Diffusion models are a widely popular model class for non-autoregressive generative modeling, yielding spectacular results in problem settings such as image generation. More recently, their application has been extended beyond computer vision into generative problems in areas such as NLP. In this project, we will explore their applicability to generate sequences of stock returns. Beyond generating random walks that capture key characteristics exhibited by stock returns (e.g. fat tails), we study a variety of problem settings to showcase diffusion models’ ability to model stock returns, focusing particularly on joint and conditional modeling. A key challenge persists in defining meaningful evaluation metrics to benchmark our models’ capabilities.

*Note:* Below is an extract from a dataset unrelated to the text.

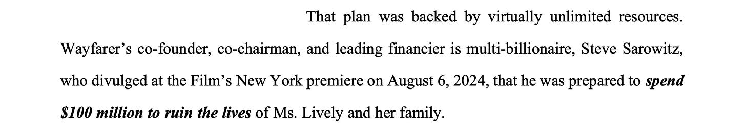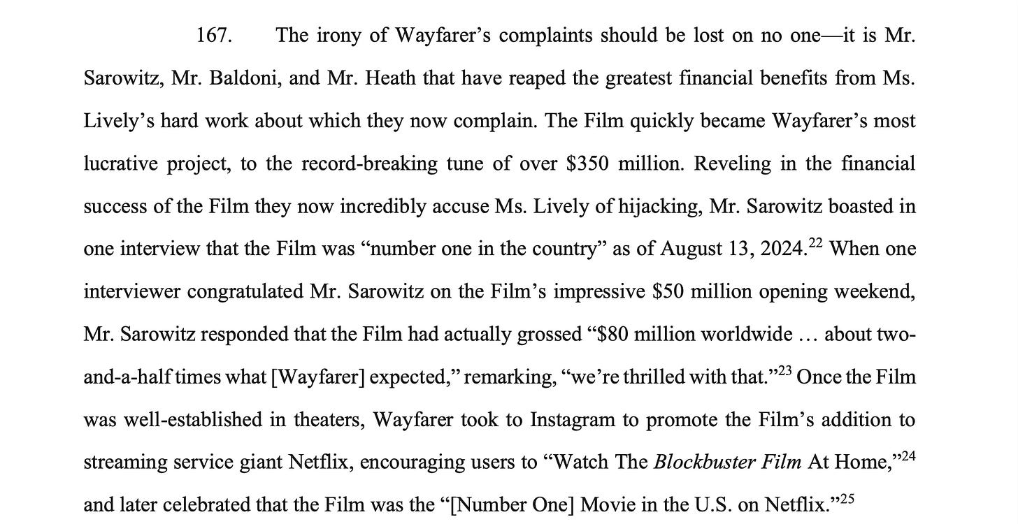 “Mr. Sarowitz, Mr. Baldoni, and Mr. Heath that have reaped the greatest financial benefits from Ms. Lively’s hard work.”

In this way, we aim to demonstrate that our models capture ever more intricate aspects of the underlying return distributions.

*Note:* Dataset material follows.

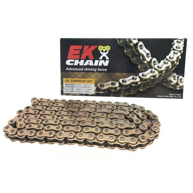 EK 江沼 チェーン 530SRX2 シリーズチェーンサイズ:530リンク数:110シールタイプ:QXリングジョイントタイプ:SLJ(スクリュー)カラー:ゴールド(GP;GP)SRX:標準高品質QXリングチェーン。低価格で高品質を実現した標準的なQXリングチェーンEK独自のQXリングは、Oリングチェーンに比べ50%フリクションを減らし、しかも50%耐久性を増しています。・長寿命を保証するソリッドブッシュ。・高耐久ソリッドローラ。・四方かしめピン。・特殊合金プレート。・軽量化のための内プレート穴採用。・特殊PTFEグリースは粘着力に優れ、耐摩耗性向上に貢献。・専用工具を使用せず取り付けできるチェーンなのでどなたでも装着可能です。また、取付方法は簡素で、ナットをねじ込んで折るだけの簡単2ステップです。530SRX2楽天 HD店 14,285円 税込 送料別 カードOK レビュー1件 ヒロチー商事 ハーレー 楽天市場店 ![]() | ||
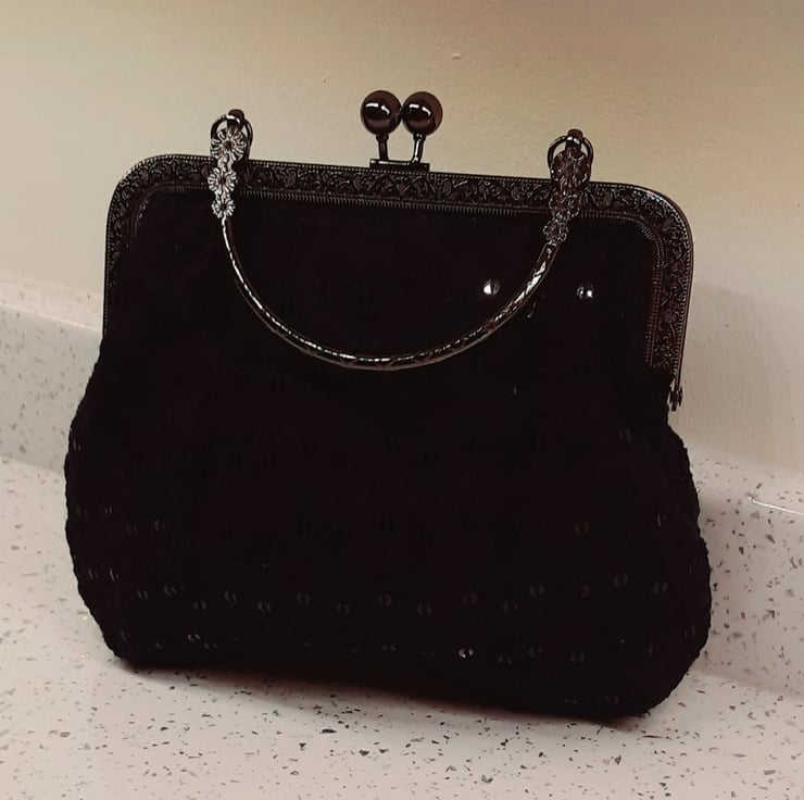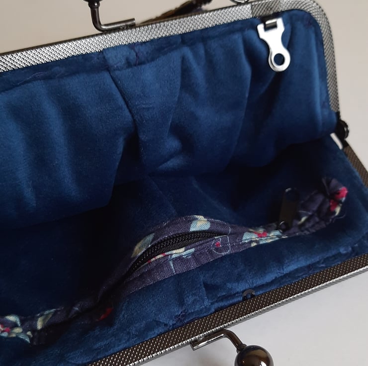 The purse clasp is a beautiful retro gunmetal colour, with a single handle.

A natural question is whether we can generate sample returns conditioned on a given stock like AAPL or GOOG. We can train a model on returns with one-hot encodings for the stock, but a drawback of this approach is that we would need to retrain every time we want to generate samples for a new stock. Instead, in the same way that diffusion models condition on textual prompts by embedding them into a latent space, we can think of market metadata, like volume traded or historical volatility, as the latent features of a stock and train our model accordingly. This allows us to generate a wide variety of samples, even illiquid stocks with sparse returns or highly volatile stocks, without explicitly training on every stock. Plus, we can then finetune this large model for specific tasks.
Another problem we think about is modeling cross-sectional returns across different stocks. For instance, we would expect some correlation between AAPL returns and similar tech stocks like GOOG; can a diffusion model generate these jointly? In image generation, diffusion models learn the joint distribution of red, green, and blue channels, so a natural way to model cross-sectional returns is to train a model on samples whose channels are returns for each stock.

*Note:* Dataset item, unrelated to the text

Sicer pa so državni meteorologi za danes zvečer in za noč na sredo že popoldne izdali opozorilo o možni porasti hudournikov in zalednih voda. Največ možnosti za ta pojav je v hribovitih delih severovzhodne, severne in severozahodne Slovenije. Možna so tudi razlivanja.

We can also try to generate returns conditioned on another return trajectory; if we are given sample GOOG returns, how do corresponding AAPL returns look? Given an image with missing regions, a diffusion model can inpaint these regions with new, semantically reasonable content by first adding noise, then sequentially denoising the image and resampling from the known regions. But what if we masked entire channels? In our use case, we mask the channel for one stock (e.g. AAPL) and use our cross-sectional model to inpaint these channels conditioned on the other stock (e.g. GOOG). This works even without retraining the model for inpainting tasks!
While it is nice that these models can generate a variety of novel samples, how can we evaluate whether these samples are reasonably in-distribution? We can sanity-check by asking the model to generate many samples, then measure their fidelity to distributions of some aggregate metrics. For instance, returns of liquid stocks tend to be more fat-tailed than normal distributions, and daily volatility tends to be right-skewed. We’d also expect that “market signals” present in the original data would also be present in our synthetic data. For instance, returns are autocorrelated—and when predicting the magnitude of returns, we see that returns from a minute ago hold more predictive power than, say, returns from ten minutes earlier.
Ultimately, we found that diffusion models could be potentially powerful tools in generating synthetic time-series data like stock returns. As non-autoregressive models, diffusion models do not seem to struggle with degenerative issues like mode collapse, which is an issue we have seen in autoregressive models like transformers (which we’ve tried before!) or GANs.